In terms of governance, Trump will make USA flawed again

A Mexican colleague has written an essay we will be publishing soon. In the manuscript, she notes that Donald Trump means the Latin Americanisation of the USA. Others authors similarly argue that Trump will make the USA resemble developing countries in regard to governance. A good starting point for making this case is “corruption”.

The term “corruption” is less clear than most people think. When I was doing research for my doctoral thesis in India, it struck me that many people I interviewed did not share my understanding. To me, corruption meant “the abuse of public office for private gains”. In the eyes of many Indians, however, “corrupt” basically meant “unfair”, and the word was not necessarily related to public office or any illegitimate use of power.

For example, some Indians would consider government spending on a minority community corrupt simply because they did not belong to the community concerned. In their eyes, it was unfair, so they used the word “corrupt”. It did not matter that such government spending was in line with the law and even mandated by the law.  

I found it striking that this blurred notion of corruption typically went along with a poor understanding of the different branches of government. People who tended to see corruption everywhere also felt that “the” government was controlling everything, but they could not clarify whether they meant the regional state government or the national government. To them, the government was a monolithic block, made up of crooks that were all somehow involved in overarching shady networks. The division of powers between the judicial and the administrative branches of government did not matter to them. They believed that someone at the top was taking arbitrary decisions at whim, and unless they agreed with those decision, they called them “corrupt”.  

Most of the Indians who saw things this way had not enjoyed much education, but some actually had graduated from university. This unrefined understanding of political affairs gave rise to excessive conspiracy theories.

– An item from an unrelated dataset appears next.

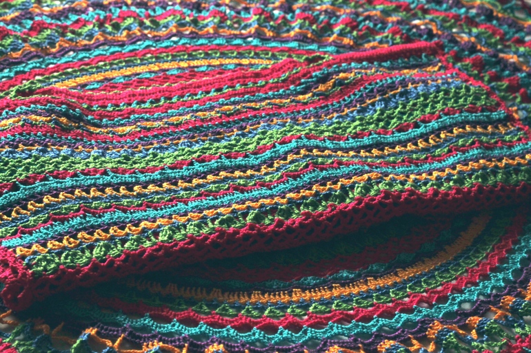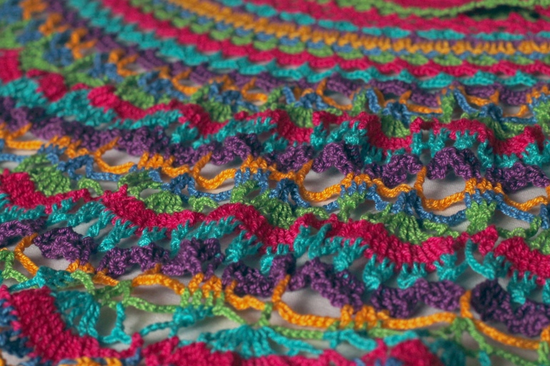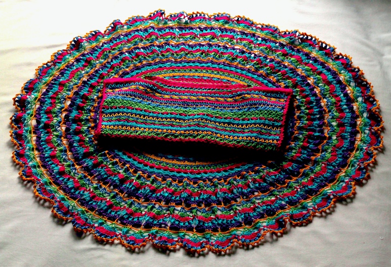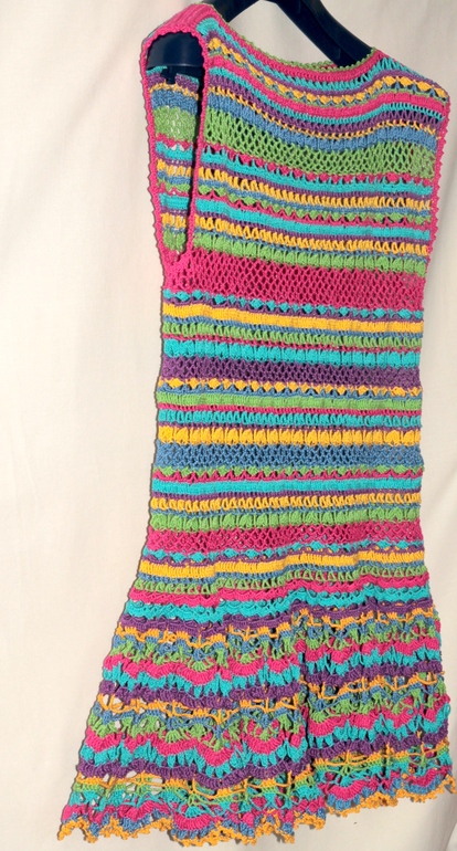 Платье вязалось в комплект к купальнику, отсюда такое буйство красок. Использовала пряжу "Пехорка Ажурная", "Пехорка Успешная" и по мотку "Виолета" и "Лили", крючок №2 и 2,5.

My point is that one needs to understand the checks and balances that a democracy depends on. Otherwise it is impossible to see whether a government agency is fulfilling its duties properly or abusing its powers. The distinction between illegitimate and legitimate action is very important.

Not every government decision that a citizen may deem unfair is actually “corrupt”. In political life, different people have different interests, and even in a democracy, some interests prevail over others. If that results from correct procedures and reflects the popular will as expressed in elections, that is not “corruption”. As government policies and state-run programmes result from complex processes of decision-making, moreover, they will never be perfect. They achieve goals to some extent, but not entirely. Democracy requires compromise, and the separation of powers serves such compromise.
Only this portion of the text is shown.